- _Supplied information_
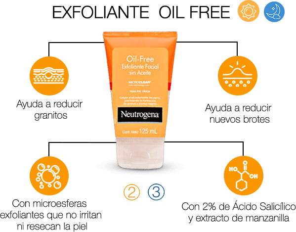 Limpia con el Limpiador Facial de Neutrogena® Oil - Free, que ayuda a reducir y prevenir granitos de forma eficaz y gentil con Ácido Salicílico y extracto de manzanilla.
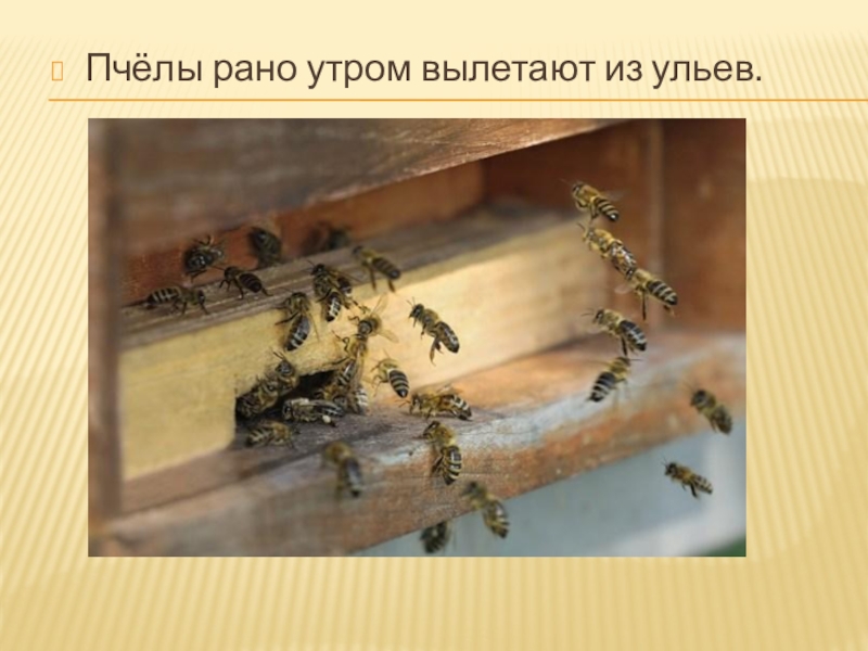 Слайд 7Пчёлы рано утром вылетают из ульев.
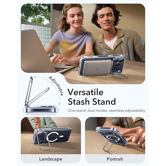 【デザイン受賞シリーズ!】ESR iPhone 17 Pro Max ケース MagSafe対応 3倍米軍MIL規格 カメラボタン付き 隠しスタンド 調整可能 ワイヤレス充電 エアガードコーナー 耐衝撃 傷防止 軽量 マグネット 高耐久性 Qi2.2対応 最大25W高速充電 いphone17promaxケース アイフォン17プロマックス専用Classicシリーズ(クリア)

- _Task description_
Every line above should be returned exactly; the pictures stay out.

- _Written response_
 Limpia con el Limpiador Facial de Neutrogena® Oil - Free, que ayuda a reducir y prevenir granitos de forma eficaz y gentil con Ácido Salicílico y extracto de manzanilla.
 Слайд 7Пчёлы рано утром вылетают из ульев.
 【デザイン受賞シリーズ!】ESR iPhone 17 Pro Max ケース MagSafe対応 3倍米軍MIL規格 カメラボタン付き 隠しスタンド 調整可能 ワイヤレス充電 エアガードコーナー 耐衝撃 傷防止 軽量 マグネット 高耐久性 Qi2.2対応 最大25W高速充電 いphone17promaxケース アイフォン17プロマックス専用Classicシリーズ(クリア)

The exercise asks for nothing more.